*Your goal*
Retype, exactly and with nothing added, the lines from the one showing "3월20일 방송된 MBC" through the final line of the material. Omit pictures.
Start of Material provided
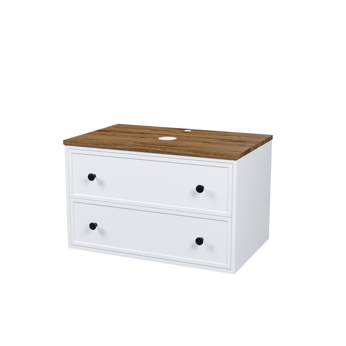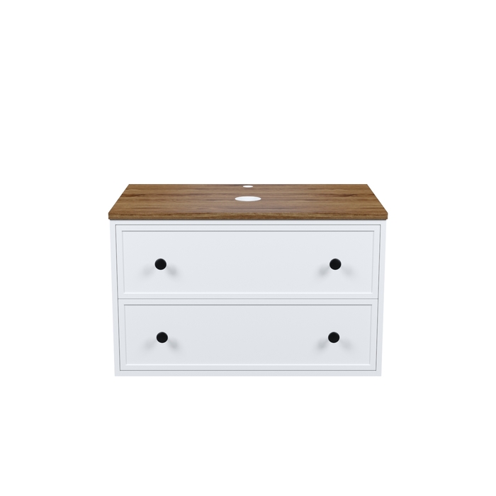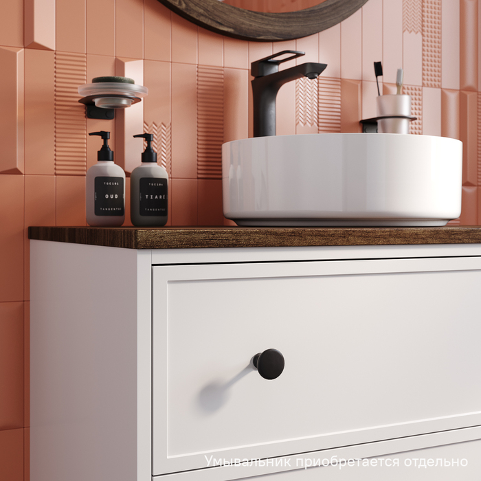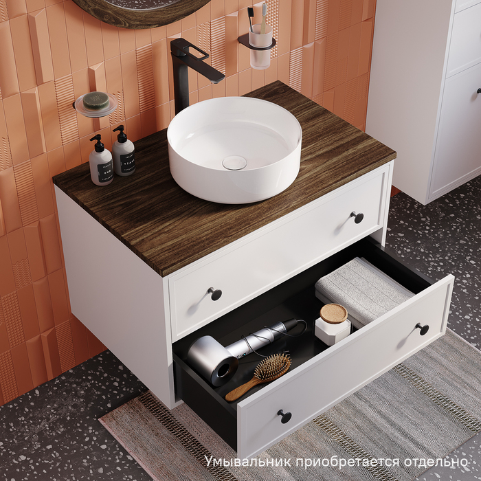 Вместительная подвесная тумба Torr классического молочно-белого цвета со столешницей из МДФ в оттенке ореха макадамия. Сочетает в себе узнаваемый стиль и практичность популярного скандинавского дизайна. Ее четкие формы, теплый цвет столешницы, фасады с декоративной филенкой, круглые ручки смотрятся гармонично и впишутся в любой современный интерьер. Подойдет любой накладной умывальник, покупается отдельно. • Два просторных выдвижных ящика закрываются плавно и бесшумно благодаря высококачественным скрытым направляющим с доводчиками Hettich. Внутри ящики графитового цвета – стильно и практично. • Многослойное покрытие матовой эмалью, предназначенной для использования в помещениях с высокой влажностью, позволит сохранить первоначальный вид мебели надолго (при должном уходе). • Надежная фурнитура Hettich рассчитана на 30 000 открываний – это более 10 лет исправной работы. Гарантия на мебель IDDIS® – 3 года. (с) Авторский текст, декабрь 2023 г.
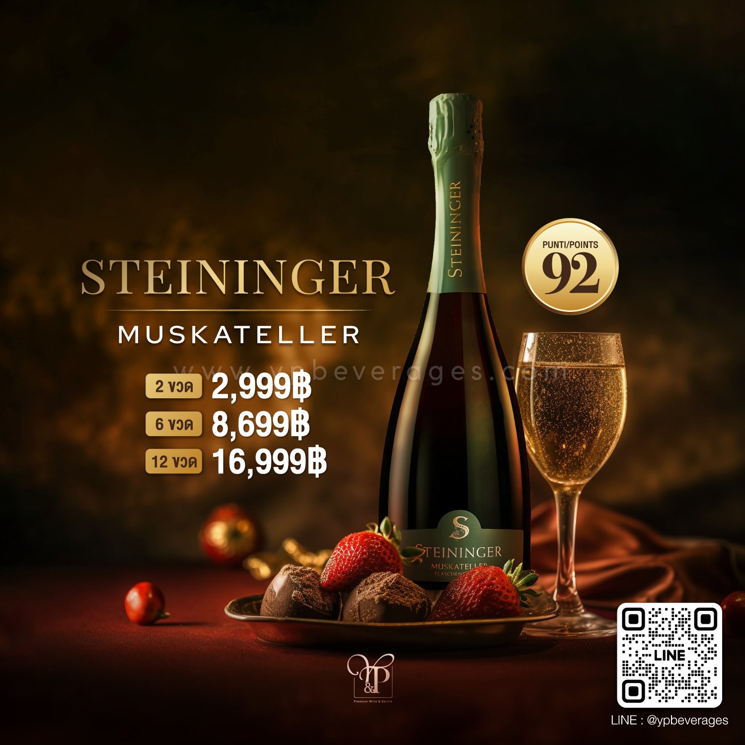 สปาร์คกลิ้งไวน์สีเหลืองอมเขียวสดใส STEININGER MUSKATELLER ที่มาพร้อมกับฟอละเอียดละออ กลิ่นหอมอ่อนๆ ของลูกจันทร์เทศ ตามด้วยโน๊ตของลิ้นนจี่และมะนาว เปิดมาด้วยรสชาติของน้ำผึ้งที่กระจายทั่วปากให้ความอร่อยจนน่าตกใจ รสชาติในตอนท้ายที่มาพร้อมกับ พีช และแร่ธาตุ หอมอร่อยจนวางไม่ลง
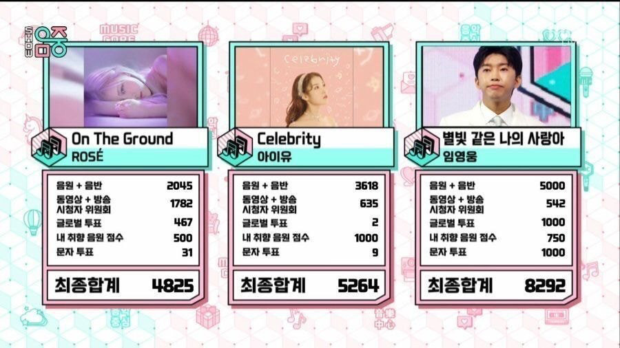 3월20일 방송된 MBC 쇼!음악중심 에서는 임영웅이 로제(on the ground), 아이유(Celebrity)를 제치고 높은 점수 차이로 1위를 차지했습니다.
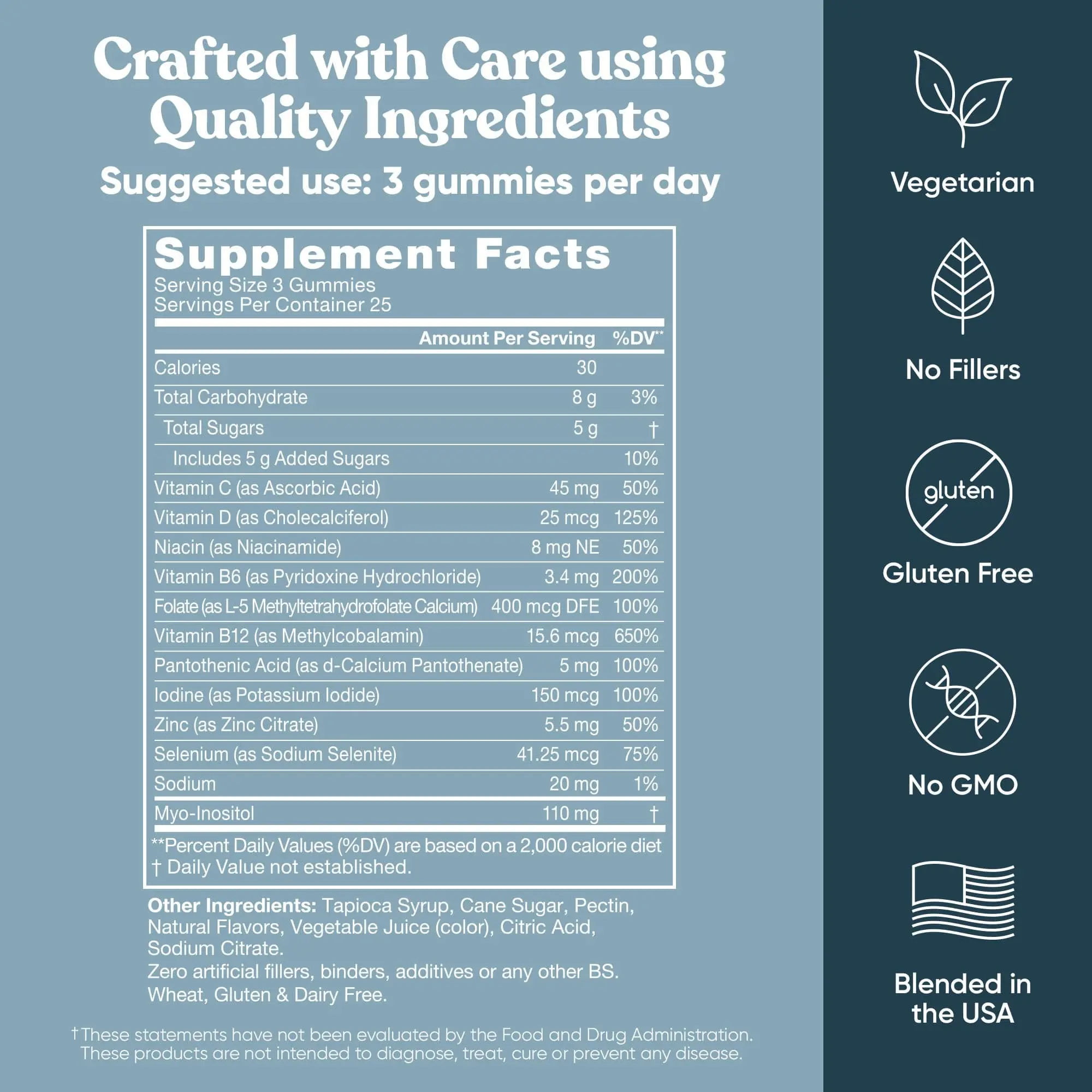 Contains essential nutrients: Myo-Inositol, Folate, Vitamins B6 & B12, Vitamin D, Zinc, and Iodine
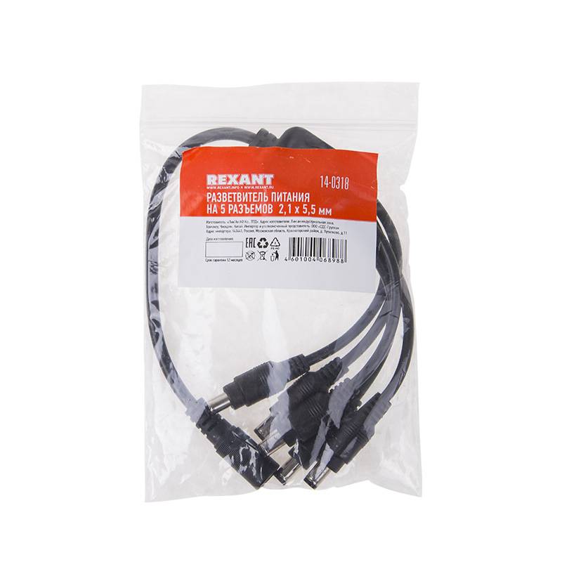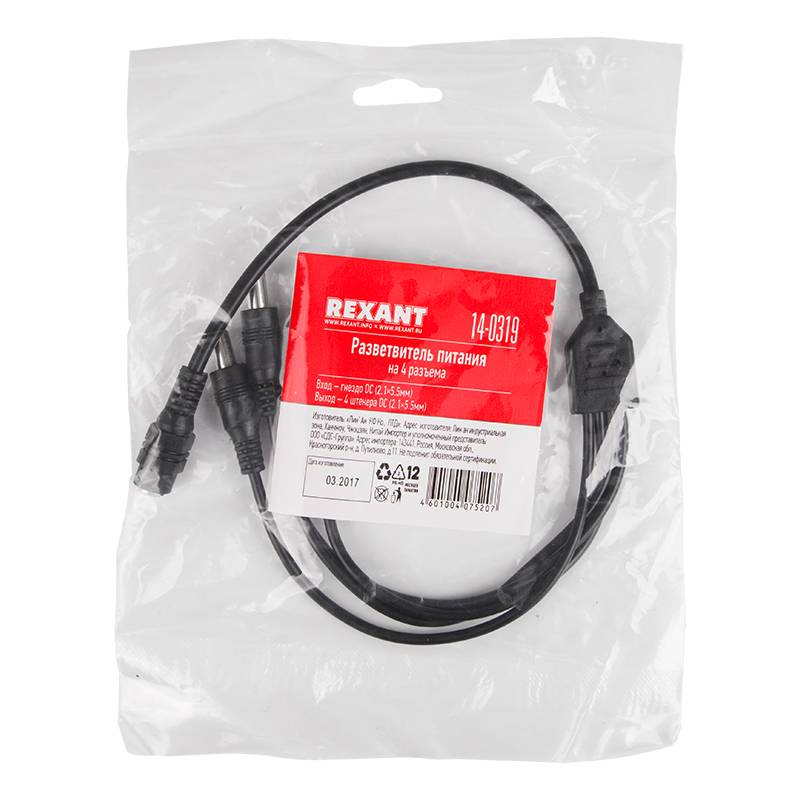 Разъем питания DC штекер 2,1х5,5мм с проводом и манжетой 1м REXANT
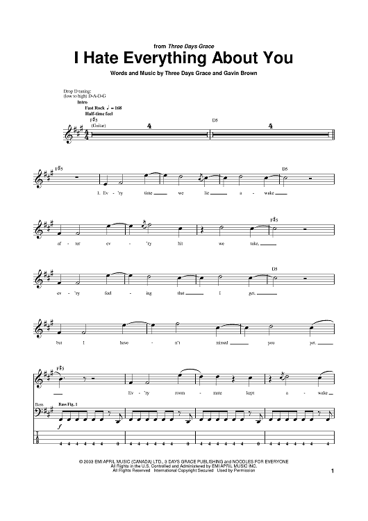 "I Hate Everything About You" Sheet Music by Three Days Grace
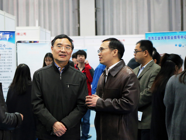 校长郑文堂来到双选会现场,指导毕业生就业工作。他详细了解了招聘会的组织情况并与来校招聘企业进行了交流。针对当前严峻的就业形势,郑校长就如何做好精准就业市场拓展及人才培养专业匹配方面提出了四点要求:一是向人才市场做好伟德官网人才培养及毕业生宣传工作,积极开拓就业市场;二是深入了解招聘单位对毕业生的招聘需求和用人要求,不断提高招聘会质量,培养重点合作用人单位;三是要做好毕业生就业指导工作,让学生了解就业市场,合理定位,积极就业;四是做好以专业为单位的就业统计分析,形成通畅及时的反馈机制,使专业人才培养进一步匹配经济社会需求,进一步提高伟德官网人才培养质量。
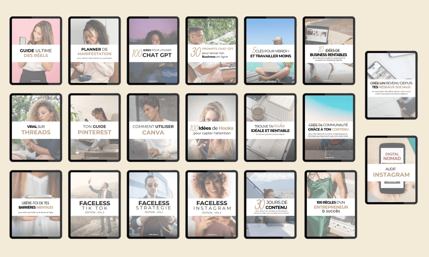 À l'intérieur de Code Liberté : tu auras accès à 20 produits PLR à vendre qui sont créer pour toi et tes clients, tu peux les revendre à des prix très attractifs allant de 47 € à 297€ pour générer tes premiers revenus passifs.
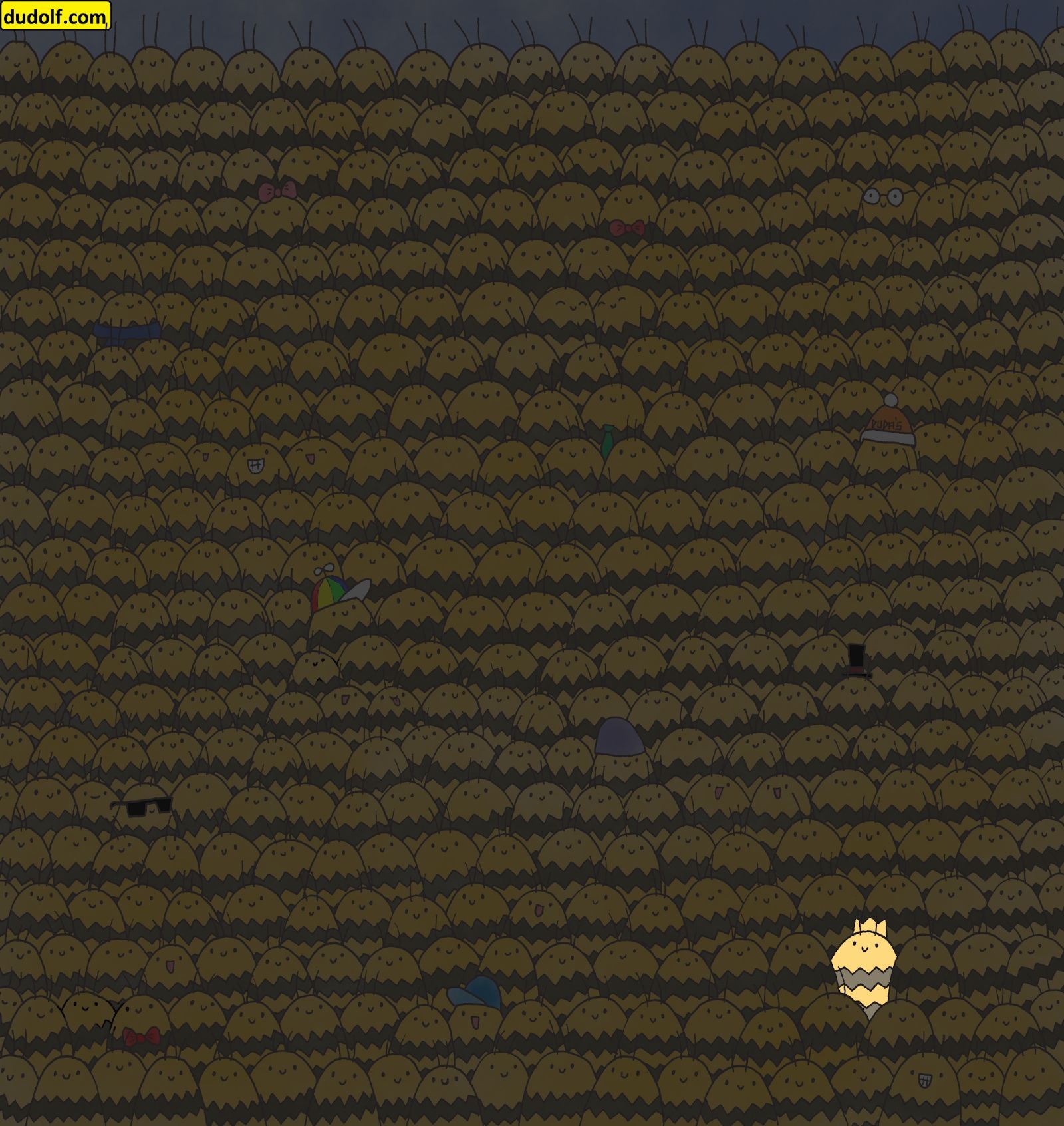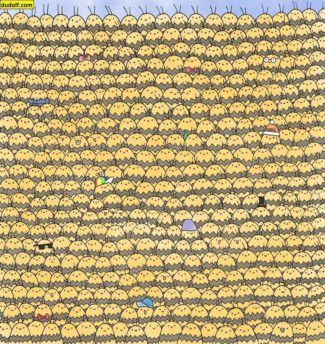 En este sencillo dibujo, del húngaro Gergely Dudás, conocido como Dudolf, se puede observar cientos de a abejas, una al lado de la otra en un fondo celeste. En este nuevo reto visual se encuentra la cabecilla de estos insectos que es difícil de encontrar en una primera instancia.
End of Material provided
*Exercise solution*
 3월20일 방송된 MBC 쇼!음악중심 에서는 임영웅이 로제(on the ground), 아이유(Celebrity)를 제치고 높은 점수 차이로 1위를 차지했습니다.
 Contains essential nutrients: Myo-Inositol, Folate, Vitamins B6 & B12, Vitamin D, Zinc, and Iodine
 Разъем питания DC штекер 2,1х5,5мм с проводом и манжетой 1м REXANT
 "I Hate Everything About You" Sheet Music by Three Days Grace
 校长郑文堂来到双选会现场,指导毕业生就业工作。他详细了解了招聘会的组织情况并与来校招聘企业进行了交流。针对当前严峻的就业形势,郑校长就如何做好精准就业市场拓展及人才培养专业匹配方面提出了四点要求:一是向人才市场做好伟德官网人才培养及毕业生宣传工作,积极开拓就业市场;二是深入了解招聘单位对毕业生的招聘需求和用人要求,不断提高招聘会质量,培养重点合作用人单位;三是要做好毕业生就业指导工作,让学生了解就业市场,合理定位,积极就业;四是做好以专业为单位的就业统计分析,形成通畅及时的反馈机制,使专业人才培养进一步匹配经济社会需求,进一步提高伟德官网人才培养质量。
 À l'intérieur de Code Liberté : tu auras accès à 20 produits PLR à vendre qui sont créer pour toi et tes clients, tu peux les revendre à des prix très attractifs allant de 47 € à 297€ pour générer tes premiers revenus passifs.
 En este sencillo dibujo, del húngaro Gergely Dudás, conocido como Dudolf, se puede observar cientos de a abejas, una al lado de la otra en un fondo celeste. En este nuevo reto visual se encuentra la cabecilla de estos insectos que es difícil de encontrar en una primera instancia.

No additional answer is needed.